PRODUCT_DESCRIPTION table: This table contains description in different languages for the product. This table also supports different descriptions based on the distribution channels. The primary key is PRODUCT_ID, CHANNEL_ID (distribution channel identifier), and LANGUAGE.
DISTRIBUTION_CHANNEL table: Examples of Distribution Channels are in-store, ecommerce (i.e., company-branded web site), and third-party distribution channel (e.g. UberEats, DoorDash). Primary key is CHANNEL_ID.
PRODUCT_MEASURES table: The purpose of this table is to capture dimensional data such as weight and volume, as well as length, width, height and depth. The primary key consists of the PRODUCT_ID, UOM_ID and MEASURE_TYPE fields.
UOM (Unit of Measure) table: UOM includes a code and description for a dimensional unit of measure. This table includes a UOM Group. The primary key is the UOM_ID field.
UOM_GROUP table: UOM_GROUP is a grouping or category of dimensional units of measure. The primary key is the UOM_GROUP_ID field, which is defined as a foreign key in the UOM table.
MEASURE_TYPE table: According to the federal label regulations on the net quantity of contents, the principal display panel of a food in package form shall bear a declaration of the net quantity of contents. This shall be expressed in the terms of weight, measure, numerical count, or a combination of numerical count and weight or measure. If the food is solid, semisolid, or viscous, it should be expressed in terms of weight. If the food is a liquid, it should be expressed in a fluid measure (e.g., fl oz). For non-food products, such as lotions or dish detergents, fluid ounces should be listed on the label. Physical dimensions is another important measure type, but generally you won't see this on principal display panel. This table is a lookup table for the measure type (e.g. net weight, fluid ounces, physical dimensions). The primary key is the MEASURE_TYPE field, which is defined as part of composite primary key in the PRODUCT_MEASURES table.
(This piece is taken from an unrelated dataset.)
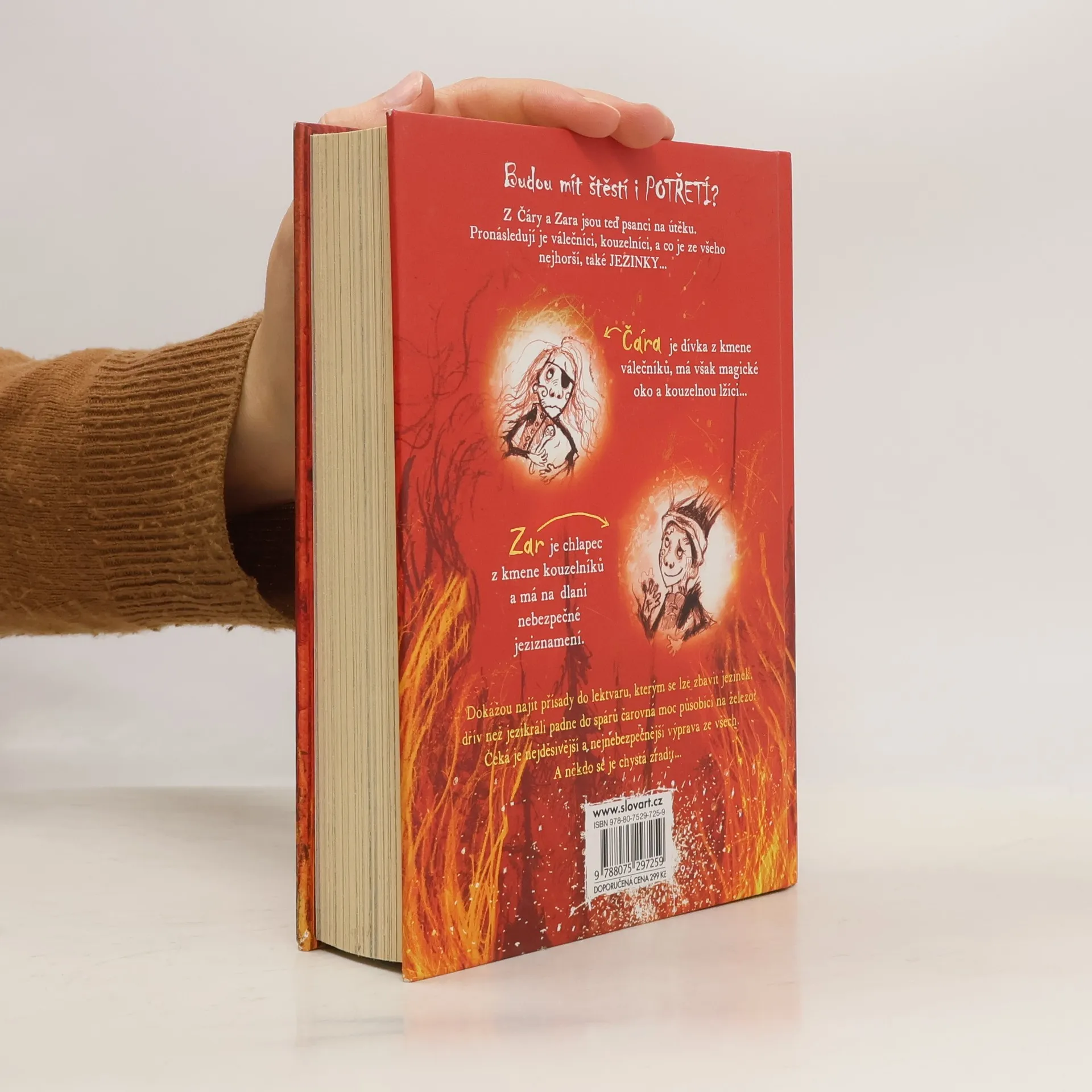 Z Čáry a Zara jsou teď psanci na útěku. Pronásledují je válečníci, kouzelníci, a co je ze všeho nejhorší, také jezinky... Budou mít štěstí i potřetí? Čára je dívka z kmene válečníků, má však magické oko a kouzelnou lžíci. Zar je chlapec z kmene kouzelníků a má na dlani nebezpečné jeziznamení. Dokážou najít přísady do lektvaru, kterým se lze zbavit jezinek, dřív než jezikráli padne do spárů čarovná moc působící na železo? Čeká je nejděsivější a nejnebezpečnější výprava ze všech. Hvozd zachvátil strašlivý požár a někdo se je chystá zradit... Třetí díl nové série od autorky knihy Jak vycvičit draka vás znovu zavede do dávných dob, kdy byl svět ještě plný kouzel, obrů, skřítků a huňatých sněžných rysů. Do časů létajících dveří a mluvících ptáků, jezinčích úšklebků a lítých vlkodlaků...

PRODUCT_PACKAGING table: Products may be available in more than one type of Packaging. This table lists the possible packagings for a product, and is cross-referenced to the packaging hierarchy. The primary key consists of the PACKAGING_LEVEL_ID and PRODUCT_ID fields.
PACKAGING_HIERARCHY table: This table defines the packaging level and their parents. Packaging level definitions can be found here. The primary key is the PACKAGING_LEVEL_ID field.
PRODUCT_HIERARCHY_ASSIGNMENT table: Products are typically assigned to the lowest level in the product hierarchy. The product hierarchy may have as many of 6 levels as demonstrated in the hierarchy of a discount retail chain. The product hierarchy will also vary based on the distribution channel or hierarchy type. In the case of the discount retail chain, there is a store hierarchy, which follows a traditional merchandising hierarchy, an ecommerce hierarchy and also an accounting hierarchy. The product assignment to product hierarchy is captured in this table. The PRODUCT HIERARCHY typically is organized in a fashion similar to those shown in Figure 15. The primary key is the PRODUCT_ID field, with the HIERARCHY_ID field as a foreign key to the PRODUCT_HIERARHCY table.
PRODUCT_HIERARCHY table: This table captures the product hierarchy level along with a description, and its parent, if one exists. The primary key is the HIERARCHY_ID field.
HIERARCHY_TYPE table: This table is a lookup for product hierarchy type. The primary key is the HIERARCHY_TYPE field. See figure 16 for sample product hierarchies and how they might vary between retailers, and even within a retailer's distribution channels. In this example, Scintilla?Customer Perception (an offering by Walmart Data Ventures) illustrates how an end user might navigate the Walmart's omni-channel Product Hierarchy to view customer perception analytics.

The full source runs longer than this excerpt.